肉核は充血しきってコリコリと尖り、せり出してくる……。

(「専門学校生 風祭由希」より)

《読者による解説と感想》

本書に収録されている6編に共通するテーマは『罠』かもしれません。
六者六様の罠が仕掛けられていて、それぞれ獲物が欲望に裏づけされた罠にはまっていく経緯が巧みに描かれています。あらすじはこんな感じです。

「未亡人看護婦 湯本奈津美」
自分を欲望のはけ口にしてるだけなのはわかっているけど・・・。捨てられかけたマゾ奴隷看護婦がとった行動は?

「プログラマー 加倉井翔子」
何故、勤務中に淫らな欲望を感じるようになってしまったの?名前も知らないあの娘のことが気になるのは何故? そして翔子は堕ちていく。

「経理課OL 里中尚美」
私は罰を受けることを望んでたっていうけど、じゃあ私を罠にはめたのは私?
伝票改竄を見つけられた尚美の懲罰願望に終わりはない。

「コンパニオン ミキ」
ふらっと寄った個室ビデオ屋、こんなサービスしてもらえるんなら入会金も安いもの。今日もミキのアヌスを楽しもう・・・。あれ?

「専門学校生 風祭由希」
知合いから紹介された由希は、マゾ奴隷。
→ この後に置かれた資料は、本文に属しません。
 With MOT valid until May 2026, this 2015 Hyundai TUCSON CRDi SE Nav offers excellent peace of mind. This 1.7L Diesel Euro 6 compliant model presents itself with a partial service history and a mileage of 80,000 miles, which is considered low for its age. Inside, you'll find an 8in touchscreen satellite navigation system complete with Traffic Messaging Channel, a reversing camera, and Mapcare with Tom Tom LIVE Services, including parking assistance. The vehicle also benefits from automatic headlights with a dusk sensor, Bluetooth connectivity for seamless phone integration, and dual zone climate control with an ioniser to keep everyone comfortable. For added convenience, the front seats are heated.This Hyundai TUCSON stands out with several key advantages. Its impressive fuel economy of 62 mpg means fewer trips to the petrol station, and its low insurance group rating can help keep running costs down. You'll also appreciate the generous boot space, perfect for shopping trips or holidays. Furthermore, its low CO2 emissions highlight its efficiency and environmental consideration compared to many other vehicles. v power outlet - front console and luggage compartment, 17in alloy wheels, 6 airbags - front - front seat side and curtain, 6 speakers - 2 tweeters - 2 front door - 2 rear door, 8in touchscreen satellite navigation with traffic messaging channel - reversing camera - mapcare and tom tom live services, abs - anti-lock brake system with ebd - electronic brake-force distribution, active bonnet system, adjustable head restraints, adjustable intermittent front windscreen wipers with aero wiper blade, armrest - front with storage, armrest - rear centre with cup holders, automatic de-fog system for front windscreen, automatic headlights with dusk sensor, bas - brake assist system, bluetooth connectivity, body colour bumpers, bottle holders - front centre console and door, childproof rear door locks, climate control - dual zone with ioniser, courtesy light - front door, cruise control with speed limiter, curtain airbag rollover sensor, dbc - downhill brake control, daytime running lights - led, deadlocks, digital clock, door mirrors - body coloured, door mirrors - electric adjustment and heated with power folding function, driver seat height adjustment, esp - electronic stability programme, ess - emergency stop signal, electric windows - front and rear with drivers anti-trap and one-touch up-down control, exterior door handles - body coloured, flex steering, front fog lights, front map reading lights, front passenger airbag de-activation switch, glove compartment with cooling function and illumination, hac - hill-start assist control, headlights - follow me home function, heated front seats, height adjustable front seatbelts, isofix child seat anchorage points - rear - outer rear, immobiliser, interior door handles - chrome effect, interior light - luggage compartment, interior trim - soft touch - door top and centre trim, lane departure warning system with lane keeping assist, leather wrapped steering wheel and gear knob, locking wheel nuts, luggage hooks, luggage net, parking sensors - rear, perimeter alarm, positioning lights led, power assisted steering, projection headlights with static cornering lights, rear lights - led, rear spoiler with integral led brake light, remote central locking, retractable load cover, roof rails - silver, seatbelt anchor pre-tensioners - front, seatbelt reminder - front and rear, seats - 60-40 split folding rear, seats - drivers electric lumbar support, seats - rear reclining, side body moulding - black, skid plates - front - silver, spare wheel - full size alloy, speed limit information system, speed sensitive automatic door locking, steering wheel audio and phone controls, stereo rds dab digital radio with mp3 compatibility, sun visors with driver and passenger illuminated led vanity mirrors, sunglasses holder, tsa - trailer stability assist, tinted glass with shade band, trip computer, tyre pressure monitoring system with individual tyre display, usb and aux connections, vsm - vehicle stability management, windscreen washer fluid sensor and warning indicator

「こんなお嬢様風の娘が」と驚く和人だったが、次第に深みにはまっていく。

「英語科教師 夏川絵美子」
憧れの女教師がレズだという噂は本当なのか、少年たちの賭けはクラスのマドンナを巻き込んで危ない方向へ・・・。

各作品のタイトルは女性の職業と名前ですが、まさに「調書」ですね。
病院のこと、コンピュータのこと、経理のことなど専門用語も適度に織り交ぜられていますので、とても現実味、臨場感があります。
そして、それぞれ物語はその職種である必然性があるのです。つまり、そんな罠なのです。
また、罠にはまるのがヒロインだけとは限りません。そして、最後の罠にかかる獲 物は「読者」なのでしょう。
館さんの独特な世界「館ワールド」から逃れられなくなる罠、それが本書ではないかと思います。
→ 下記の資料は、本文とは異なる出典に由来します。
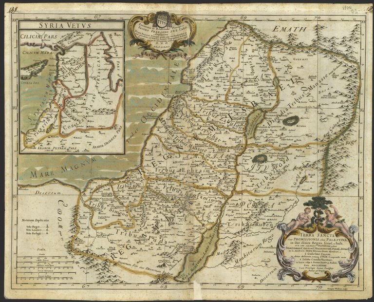 Terra Sancta: siue Promissionis, olim Palestina, in duo diuisa Regna, Israel et Iuda et in sex sub diuisa Provincias scilicet Iudaea, Samaria, Galilaea, Trachonitide, Peraea et Idumaea ac in duodecim Tribus Filiorum Israel

余談ですが、この『牝犬邪淫調書』というタイトルはその後の館さんの作品の中でも時々登場します。館さんのお気に入りのタイトルなのかな。是非、探してみてください。

堂玄(MLメンバー)

《作者より》

 1989年夏からポルノ文庫戦線に参戦したコスモ出版トマト文庫は、当初、テーマ別のアンソロジーを出していましたが、やがて作家別の短編集を出すようになりました。
 この本はぼくがトマト文庫で出した初めての短編集でした。
 編集者は従来の短編集とは変わった色を出したかったらしく、同じ系列のものを揃えて、原題を消し、女性の名と職業だけをタイトルとしました。
 作家としては苦労してつけたタイトルが消されることは必ずしも嬉しいことではありません。一冊の本になった時はちょっとがっかりしました。
 しかし時間がたってみると、こういうふうな作りにしたのは案外正解だったのかもしれません。
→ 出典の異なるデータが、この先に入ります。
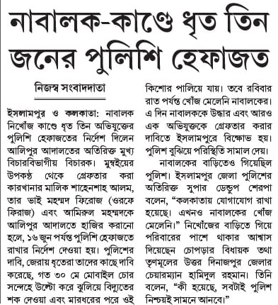 ইসলামপুর ও কলকাতা: নাবালক নিখোঁজ কাণ্ডে ধৃত তিন অভিযুক্তের পুলিশি হেফাজতের নির্দেশ দিলেন আলিপুর আদালতের অতিরিক্ত মুখ্য বিচারবিভাগীয় বিচারক। মুম্বইয়ের উপকণ্ঠ থেকে গ্রেফতার করা কারখানার মালিক শাহেনশাহ আলম, তার ভাই মহম্মদ ফিরোজ (ওরফে ফিরাজ) এবং আমিরুল মহম্মদকে আলিপুর আদালতে হাজির করানো হলে, ১৬ জুন পর্যন্ত পুলিশি হেফাজতে রাখার নির্দেশ দেওয়া হয়। পুলিশের দাবি, জেরায় ধৃতেরা তাদের কাছে দাবি করেছে, গত ৩০ মে মোবাইল চোর সন্দেহে উল্টো করে ঝুলিয়ে বিদ্যুতের শক দেওয়া এবং মারধরের পরে ওই কিশোর পালিয়ে যায়। তবে রবিবার রাত পর্যন্ত খোঁজ মেলেনি নাবালকের। এ দিন নাবালককে উদ্ধার এবং আরও এক অভিযুক্তকে গ্রেফতার করার দাবিতে ইসলামপুরে বিক্ষোভ হয়। পুলিশ বুঝিয়ে পরিস্থিতি সামাল দেয়।
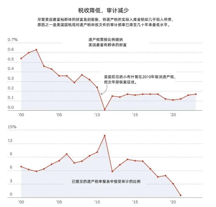 美国的遗产税设有高达40%的税率,但只有超过一定数额的遗产才会被征收。2023年,免税额度为2730万美元,超过这一数额的遗产才需要缴纳遗产税。然而,尽管美国最富有阶层的财富暴增,但遗产税的征收却并没有跟上财富的增长。

 特にSMスナイパー誌に掲載された3作(看護婦ミキ、プログラマー翔子、専門学校生ユキ)は、実は「実際に起きた事件をもとに物語を作ってほしい」という注文に応じて書かれたものなのです。
 つまり頭の中で起した事件や犯罪ではなくて、実際にもう事件は起きている。その背後にはこういうことがあったのではなかろうか、いや、そうに違いない――とぼくが推理していったわけです(でっちあげた、とも言う(^_^;))。
 事件の記録を下敷きにしているので、自然にセミドキュメンタリータッチな、犯罪調査報告書的な内容になり、リアリティが生じるのは当然といえば当然かもしれません。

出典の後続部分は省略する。